Mey was born in Amsterdam on October 30, 1926. Having become a Jesuit, he arrived in Denmark in 1952 and took up the study of linguistics under Louis Hjelmslev; he took a degree in 1960 with a thesis La catégorie du nombre en finnois moderne. (He later left the Jesuit order.) He was a lecturer in linguistics at Oslo University, 1960–1966, and an associate professor at the University of Texas, Austin, 1966–1972. From 1972 to his retirement in 1996, he was Professor of linguistics in Odense (Denmark). He held numerous research fellowships and guest professorships, among others in Santa Monica (Rand Corporation, USA), Washington, Prague, Frankfurt, Campinas (Brazil), Haifa (Israel), Södertörn (Sweden), Brasília, New Haven, Evanston, Warwick, Hong Kong and Tsukuba (Japan). In 1993, he was awarded an honorary doctorate by the University of Zaragoza.

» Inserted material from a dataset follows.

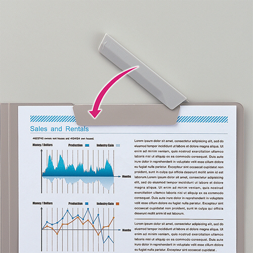 ●クリップで書類を挟むだけ。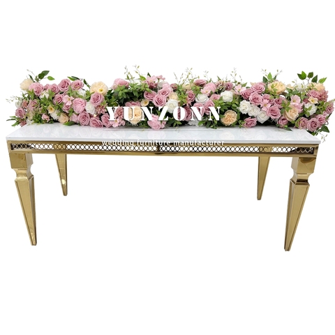 Marco de acero inoxidable dorado Espejo de cristal Mesa DE BODA superior 10 personas Mesa de boda

In 1977, he founded the Journal of Pragmatics with Hartmut Haberland, and it soon became one of the leading journals, if not the leading journal, in the field that it in part had established. He was Chief Editor of the Journal until 2010, when the publisher replaced him. In the same year he took, as a reaction, the initiative to a new journal Pragmatics and Society, together with Kerstin Fischer and Hartmut Haberland. In 2017, Elsevier Publishers established the Jacob L. Mey and Hartmut Haberland Early Career Award in recognition of the Journal of Pragmatics’ founding editors’ support for young scholars.
His contributions to journals and edited volumes are numerous. He edited a book, which after long delay appeared in 1979, Pragmalinguistics: Theory and Practice. This book marked Jacob’s entry into the field of pragmatics, which he defined as the study of language in the context of society. While not denying the relevance of structure in this context, he reminded us of the responsibility to society that students of language have. Thus he was one of the founders of what later became known as ‘Continental Pragmatics’ or ‘Pragmatics as a perspective’ (rather than a mere subdiscipline of linguistic studies), a concept he developed with Jef Verschueren. In one of his books he asked his academic fellows, “How can we make this world a better place in which to live?”. His view of pragmatics as the study of language use as a social activity was first hammered out in his Whose Language? A Study in Linguistic Pragmatics of 1985. This was followed in 1993 by his textbook Pragmatics: An Introduction, which was translated into several languages and followed by a revised second edition in 2001. In 2000, he dealt with one of his favorite topics, the relationship between language and literature in his When Voices Clash: A Study in Literary Pragmatics.
Constant awareness of the responsibility of students of language to society made Jacob’s work almost interdisciplinary by definition, but interdisciplinarity was also fed by Jacob’s broad-reaching (sometimes he referred to it as ‘catholic’) interest in language in all its facets. In the 60’s he had worked with the link of language to computation and he never quite lost his interest in the relationship between language and machines and in the pragmatic aspects of artificial intelligence. The relevance of pragmatics for literature is another of these facets.
His most important contribution to pragmatic theory is perhaps his notion of the ‘instantiated pragmatic act’ or ‘pragmeme,’ which he developed in the second edition of Pragmatics.
Jacob was fluent in a great number of languages. Apart from his native Dutch these comprised at least English, French, Spanish, Portuguese, Czech and German and all the Nordic languages (except Icelandic but including Finnish), and he could read several more. He took a great deal of interest in the study of Japanese, especially its writing system. Having become acquainted with Latin, Greek and Hebrew already in school he added Sanskrit during his studies. His knowledge (and love) of Greek and Roman literature was amazing.
Jacob is survived by his daughter from his first marriage and his wife Inger (married in 1965) and their five children.